Did you ever wonder why URLs look like they do?
With a bit of common sense, I found it not to hard to find reasonable
explanations of it. Please note that all of this is speculation,
but I hope it’s right because it’s just the way to go (please write me
if you can contribute).
Remember, back before the invention of the web, there were no URLs at
all. FTP sites were shared as free-text and transferred to the
command-line client using copy and paste (at most). Then, you had to
go to the directory you wanted and issue a fetch.
TimBL’s genius idea now was to find a way to address everything on
the Internet, and he didn’t want to limit it to the web, but as well
allow to address FTP, GopherSpace and some even more obscure systems
that were in use back then.
Consider this URL:
http://foo.org/bar/baz?aleph=1&beta=2
Since URLs were meant to be uniform, there had to be a way to
determine the protocol to use, and the protocol had to be separated
from the host name in some way: a colon is the common way to say “this
is that”, and that’s why it is http:
.
foo.org
, of course, existed long before. DNS was invented in 1983,
and was a reasonable thing to build on. However, it was often criticized
for being “the wrong way ‘round”, with most-significant part of the
hierarchy last (the top-level domain org
). Having a Unix
background, Tim decided to keep the path hierarchy like in Unix, and
that’s why it is /bar/baz
. It works well for FTP, too.
Remember, when HTTP/0.9 was state of the art, there was only GET.
(Actually, the initial
design shows up some
other methods.)
However, Tim quickly discovered serving static data all day was
boring: there had to be a way to, for example, make a search
page.
And there was. Hands up, who remembers <ISINDEX>
? Add this
older-than-the-stones tag to your HTML and the browser will
automatically place a text box and a button to allow you to call a
search script.
How is the data transferred? Having only GET, the data has to go into
the URL. Which character would you use to delimit the path and the
query? Indeed, a question mark.
Now, <ISINDEX>
directly specifies the query string, so in the
beginning, it was more common to see URLs like
http://goo.org/search?meaning+of+life
Later, when forms were added,
there had to be a way to specify field names (what could be more
logical than =
for this purpose? Maybe :
…), and a way to
separate multiple fields (&
sounded like a good idea, but tells
enough about the state of SGML parsing back in the old days).
Whitespace in URLs were a problem! How can you know it is over? CGI
defines +
to surrogate space, but then, how do you transmit a +
?
Obviously, URL escaping had to be %69%6e%76%65%6e%74%65%64. This is where
things got ugly… for example, you really can’t tell if an URL
escaped string already had been escaped.

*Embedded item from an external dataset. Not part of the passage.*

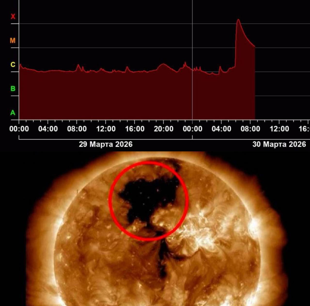 На Солнце произошла вспышка высшего класса X — выброс плазмы может достичь Земли уже 1–2 апреля.
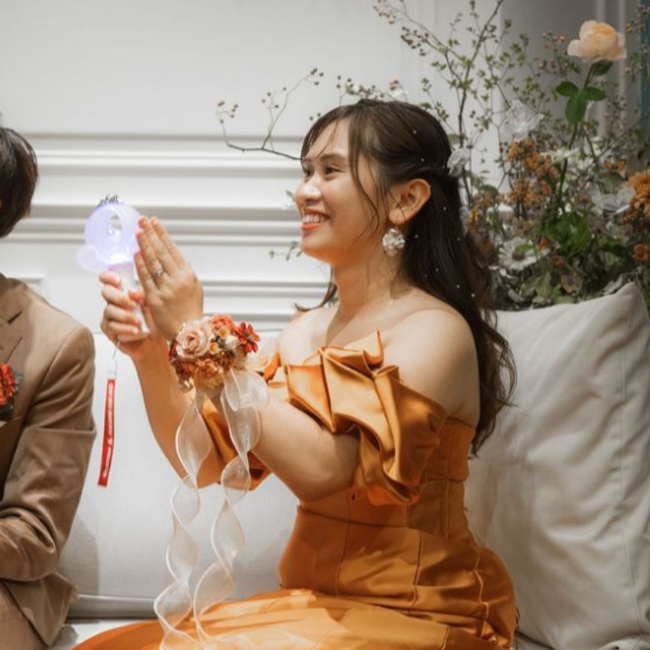 披露宴はリストブーケを着用し、手をあけることで華やさを出しつつ、みんなとハグしたりペンライトを持ったりできました。

Big fun. Why percent
encoding? Probably because the percent sign was not used yet?
Finally, I admit, I have a problem. I can’t figure at all why there
is a //
between the hostname and schema. I suppose it was meant for
something special (e.g. some URI/URNs don’t have it), but what is it
good for HTTP URLs?
Update 17mar2009: tbl doesn’t know himself.
But up to that, I think the design of URLs was perfectly reasonable,
wasn’t it?